Двадцать верст до слободы Ореховой летел он, как после сам говорил, шибче, чем пророк Илья на своей колеснице. В Ореховой заскочил к знакомому украинцу и, ни жив ни мертв, рассказал хозяину о происшествии, попросил укрыть его и лошадей. Украинец укрыть – укрыл, но предупредил:
– Я сховаю, но як будуть дуже пытать, то я, Григорич, укажу, бо мэни ж расчету нэма! Хатыну спалють, тай и на мэнэ наденуть шворку.
– Уж ты укрой, родимый! Да я тебя отблагодарю, чем хошь! Только от смерти отведи, схорони где-нибудь – овец пригоню гурт! Десятка первеющих овец не пожалею! – упрашивал и сулил Мирон Григорьевич, закатывая бричку под навес сарая.
Пуще смерти боялся он погони. Простоял во дворе у украинца до вечера и смылся, едва смеркалось. Всю дорогу от Ореховой скакал по-оглашенному, с лошадей по обе стороны сыпалось мыло, бричка тарахтела так, что на колесах спицы сливались, и опомнился лишь под хутором Нижне-Яблоновским. Не доезжая его, из-под сиденья достал отбитую винтовку, поглядел на ремень, исписанный изнутри чернильным карандашом, облегченно крякнул:
– А что – догнали, чертовы сыны? Мелко вы плавали!
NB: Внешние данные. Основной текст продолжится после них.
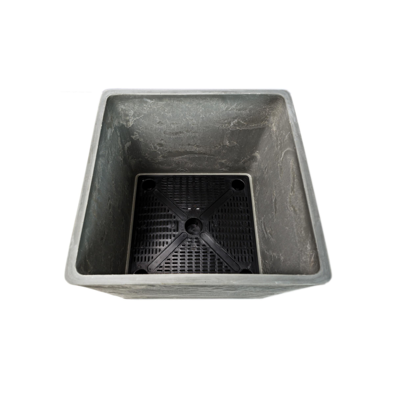 Среднее квадратное кашпо для растений с дренажным вкладышем, для цветов и растений современного дизайна, с оригинальной текстурой "под камень" в светло-сером цвете. Дренажный вкладыш позволяет регулировать воду в нем, между горшком и вкладышем есть пространство для воды, которая используется растениями при необходимости и позволяет сохранять влагу. Кашпо изготовлено из специализированного ЭКО пластика, в состав которого входит битый камень, древесная мука с полимерами, из-за свойств состава материала, кашпо дышащее как керамика. Материал ударопрочный, не боится мороза и на солнце не выгорает Материал: битый камень, древесная мука. полимеры Цвет: светло-серый Общий объем горшка - 23 л. Длинна - 300 мм, высота - 300 мм, ширина - 300 мм.

Овец украинцу так и не пригнал. Осенью побывал проездом, на выжидающий взгляд хозяина ответил:
– Овечки-то у нас попередохли. Плохо насчет овечков… А вот груш с собственного саду привез тебе по доброй памяти! – Высыпал из брички меры две избитых за дорогу груш, сказал, отводя шельмовские глаза в сторону:
– Груши у нас хороши-расхороши… улежалые… – И распрощался.
В то время, когда Мирон Григорьевич скакал из Миллерова, сват его торчал на вокзале. Молодой немецкий офицер написал пропуск, через переводчика расспросил Пантелея Прокофьевича и, закуривая дешевую сигару, покровительственно сказал:
– Поезжайте, только помните, что вам необходима разумная власть.